Глава двадцать восьмая
На следующий день пополудни умерла госпожа Шлакк. Вечером ее обнаружили под кроватью, где она лежала как старая, изломанная кукла Ее черное платье было сильно измято и даже кое-где порвано, сцепленные руки она плотно прижимала к своей высохшей груди. Глядя на нее, трудно было представить, что эта изломанная вещица когда-то было новой и целой, что эти увядшие, восковые щеки были когда-то свежи и розовы, что глаза ее когда-то сверкали и искрились от смеха. А ведь когда-то она действительно была веселой и бойкой, живой маленькой девочкой, подвижной как птичка.
А теперь она лежала под кроватью – как выброшенная, уже никому не нужная кукла.
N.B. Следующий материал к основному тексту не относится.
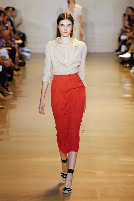 Oι πλισέ πιέτες και τα ζαρωμένα σατέν κυριάρχησαν, χάρη στους Joseph Altuzarra, Victoria Beckham και άλλους σχεδιαστές που έκαναν σαφές πως μπορούμε να γίνουμε λίγο πιο τεμπέλες αυτή την άνοιξη.

Фуксия, как только ей доложили о смерти госпожи Шлакк, бросилась в комнату, которая ей была так хорошо знакома. Но то, что теперь лежало на кровати, вовсе не было ее няней. Этот неподвижный ворох вещей не был ее няней Шлакк! Это было нечто совсем другое. Фуксия закрыла глаза, и такой болезненно знакомый образ ее старой няни, которая заменяла Фуксии, лишенной всякой материнской ласки и опеки, мать, ожил перед ее мысленным взором.
Фуксия чувствовала, как нечто говорило в ней: повернись к этой кровати, возьми это, когда-то любимое тобою, теперь безжизненное существо на руки, прижми к себе – но она не могла этого сделать. И слезы тоже не шли. Нечто, несмотря на всю живость воспоминаний, умерло в душе Фуксии. Она снова посмотрела на оболочку того существа, которое когда-то нянчило ее, обожало ее, шлепало ее и так сердило ее.